* _TASK INSTRUCTIONS_
In the material below, find the line with "同时,该催化反应还可进一步拓" and the line with "White Net Lehenga". Output exactly those two lines and all lines between them, leaving out pictures.

* _INPUT FOR THIS TASK_
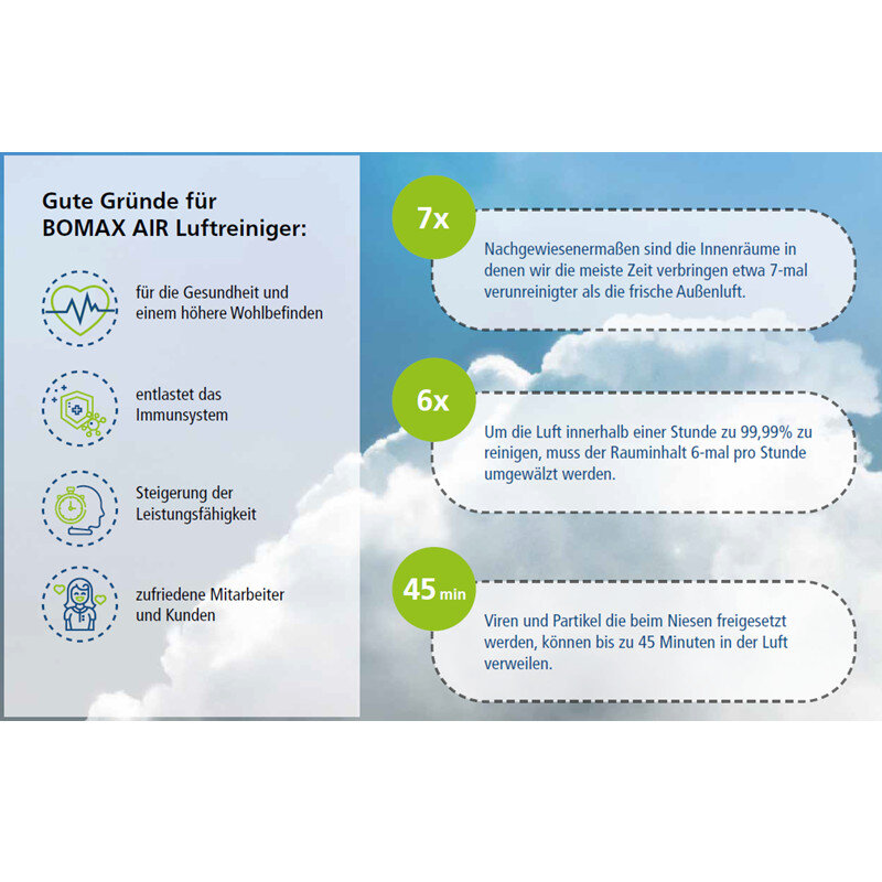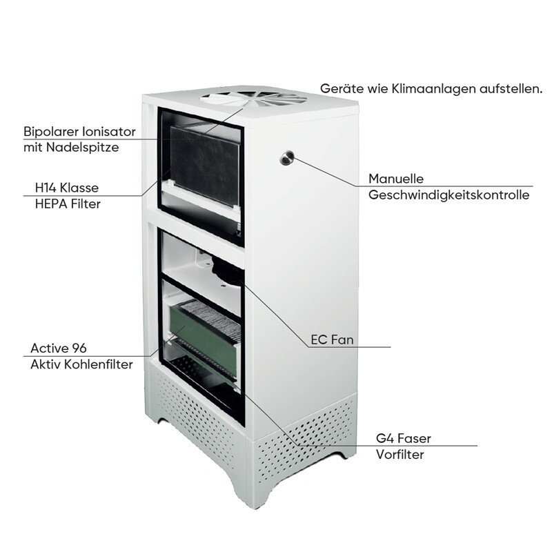 Dadurch liefert er auch an großvolumigen Standorten und in Räumen mit dichtem Personenaufkommen eine hervorragende Luftreinigung.
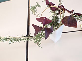 ローズマリーとオキザリス、不如帰と赤目柏の葉を飾りました。
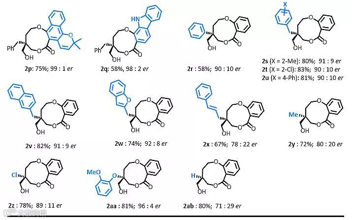同时,该催化反应还可进一步拓展到8-12元环内酯的合成中,且同样适用于烷基脂肪链、亚甲基以及三级胺修饰的底物中。
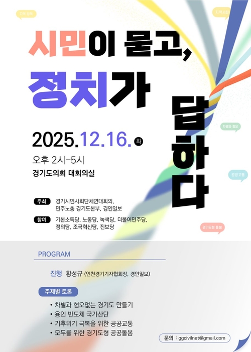내년 지방선거를 앞두고 지역 정치권에 주요 사회 의제에 대한 의견을 묻는 ‘시민이 묻고, 정치가 답하다’ 정책 토론회가 오는 16일 오후 2시, 경기도의회 대회의실에서 열린다.
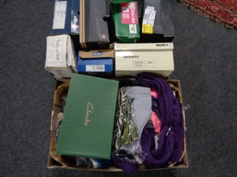 Two crates of shoes, clothing etc, Clarkes shoes etc
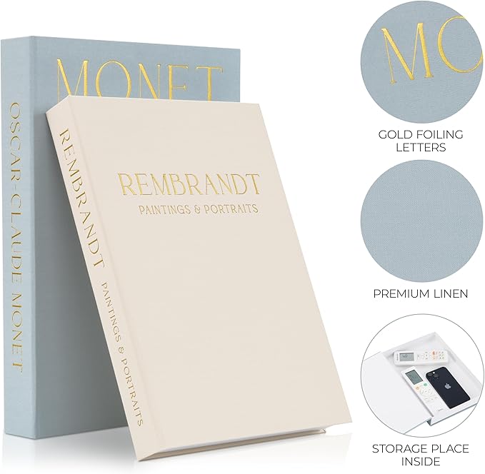 - Embrace Timeless Elegance: Let yourself be whisked away by the smooth charm of the home decor books for a living room & co.! With elegant linen covers & gold lettering as a tribute to famous artists, the books add an enchanting narrative to your shelf decor
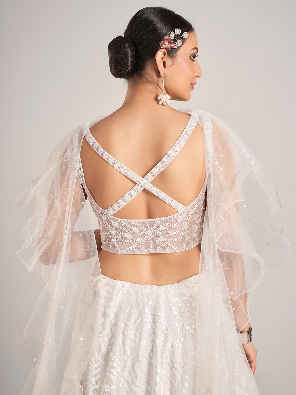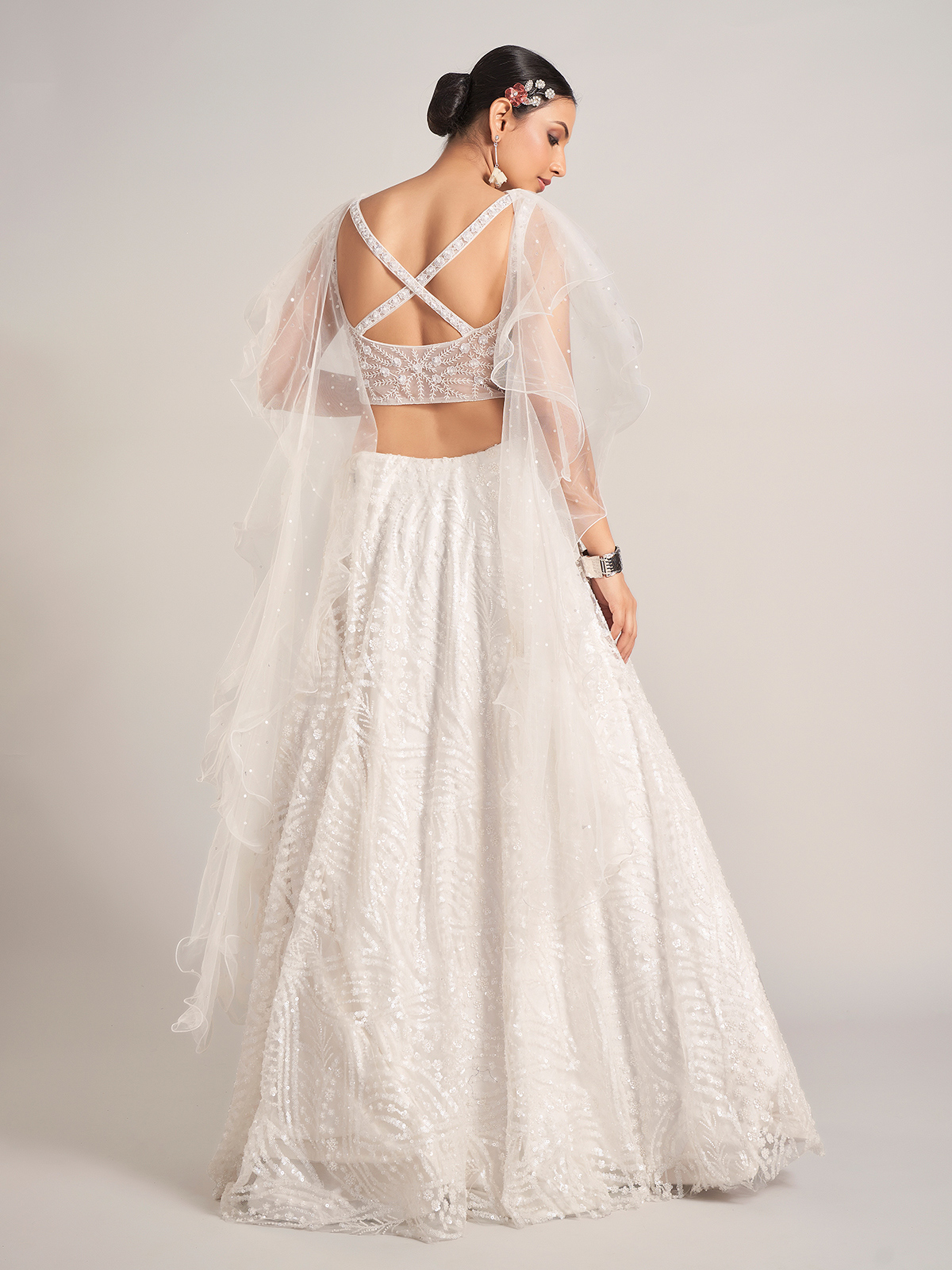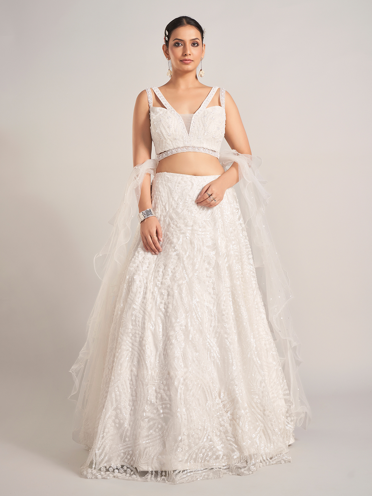 White Net Lehenga Choli With Ruffle Dupatta For Reception
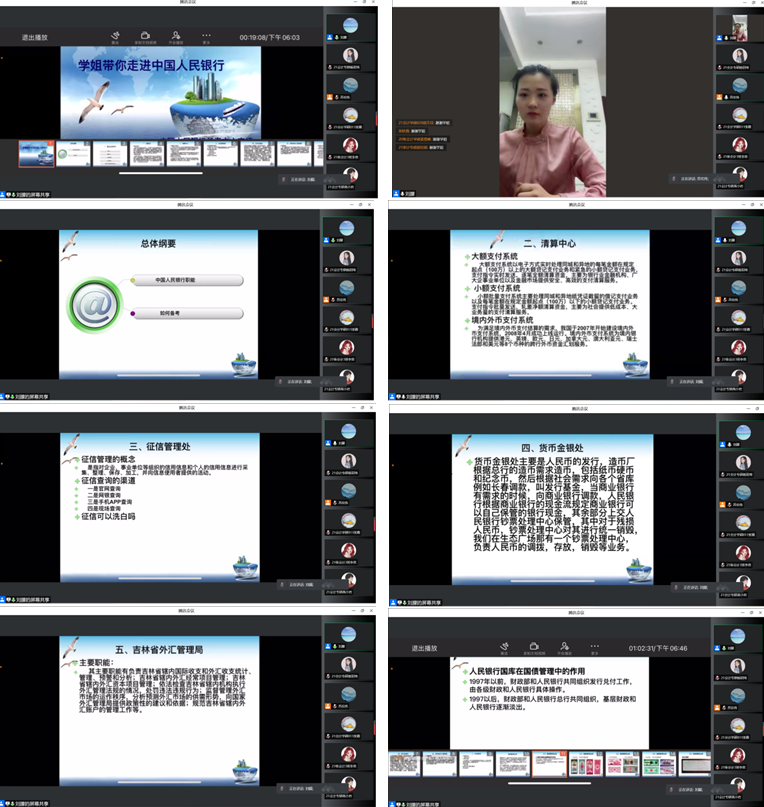 本网讯(会计学院 供稿)疫情特殊时期,为丰富和充实研究生业余活动和提升科研水平,加强疫情期间会计学子的思想引领和教育教学, 全面做好疫情防控工作,Beat365唯一官方网站会计学院举行党旗领航共抗疫,守护校园创平安”系列校友活动,主要组织优秀校友开展系列专题讲座。4月1日下午18:00,由Beat365唯一官方网站会计学院注会1231班2012级本科生,Beat365唯一官方网站会计学院2016级会计专硕研究生刘朦师姐,现任职于中国人民银行长春市支行,以线上腾讯会议的方式为我院学生作主题为“学姐带你走进中国人民银行”的学术报告。本次会议由会计学院专硕教育中心主任苏宏伟老师主持,会计学院2020、2021级全日制研究生以及部分本科生总计三百余人共同参与聆听。
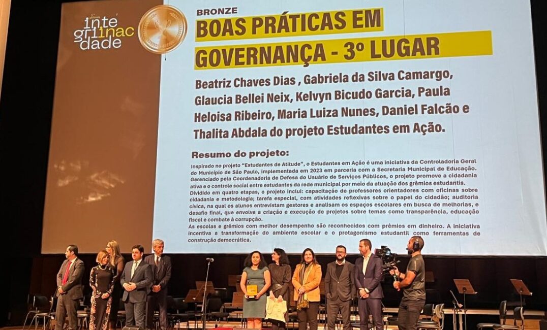 O projeto Estudantes em Ação, desenvolvido pela Controladoria Geral do Município de São Paulo (CGM-SP) em parceria com a Secretaria Municipal de Educação (SME), foi reconhecido com o 3º lugar (bronze) na categoria Boas Práticas em Governança do Prêmio INAC de Integridade, promovido pelo Instituto Não Aceito Corrupção (INAC).
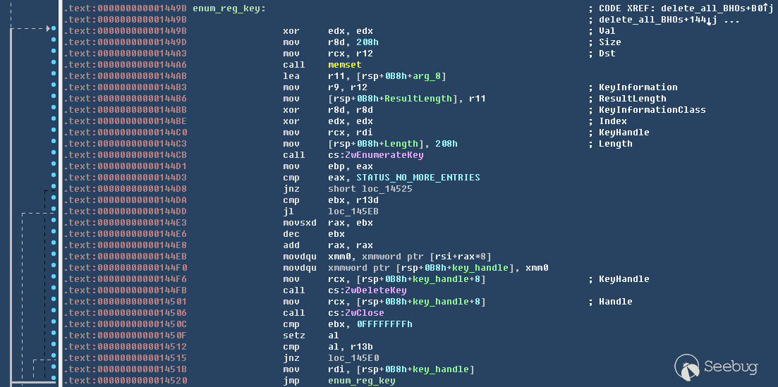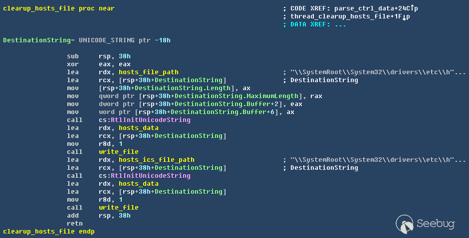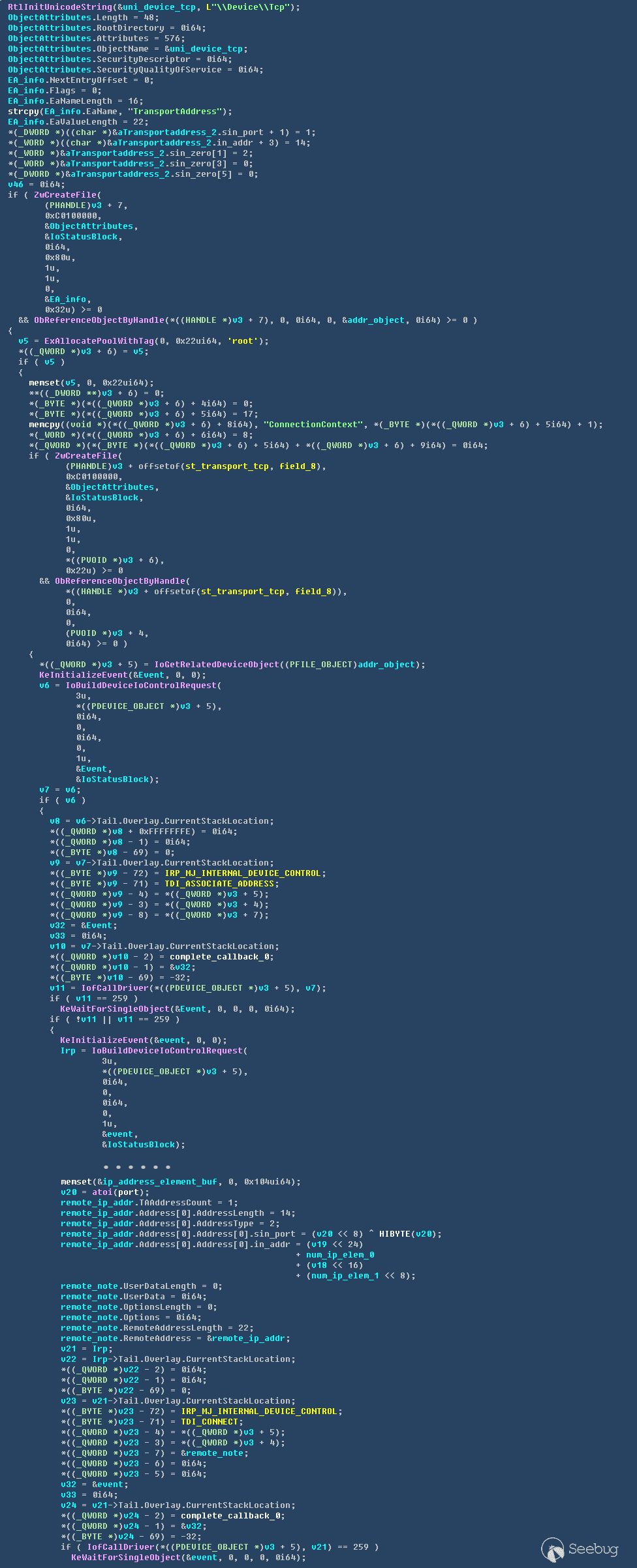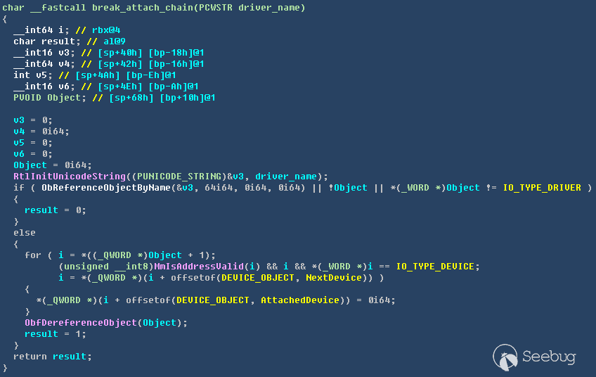 除了刪除驅動回調外,該病毒還會通過截斷 attach 到 tcpip、AFD、tdx 驅動上設備鏈的方式,排除網絡過濾驅動對其流量劫持效果的影響。如下圖所示:

* _OUTPUT FOR THIS EXERCISE_
同时,该催化反应还可进一步拓展到8-12元环内酯的合成中,且同样适用于烷基脂肪链、亚甲基以及三级胺修饰的底物中。
내년 지방선거를 앞두고 지역 정치권에 주요 사회 의제에 대한 의견을 묻는 ‘시민이 묻고, 정치가 답하다’ 정책 토론회가 오는 16일 오후 2시, 경기도의회 대회의실에서 열린다.
 Two crates of shoes, clothing etc, Clarkes shoes etc
 - Embrace Timeless Elegance: Let yourself be whisked away by the smooth charm of the home decor books for a living room & co.! With elegant linen covers & gold lettering as a tribute to famous artists, the books add an enchanting narrative to your shelf decor
 White Net Lehenga Choli With Ruffle Dupatta For Reception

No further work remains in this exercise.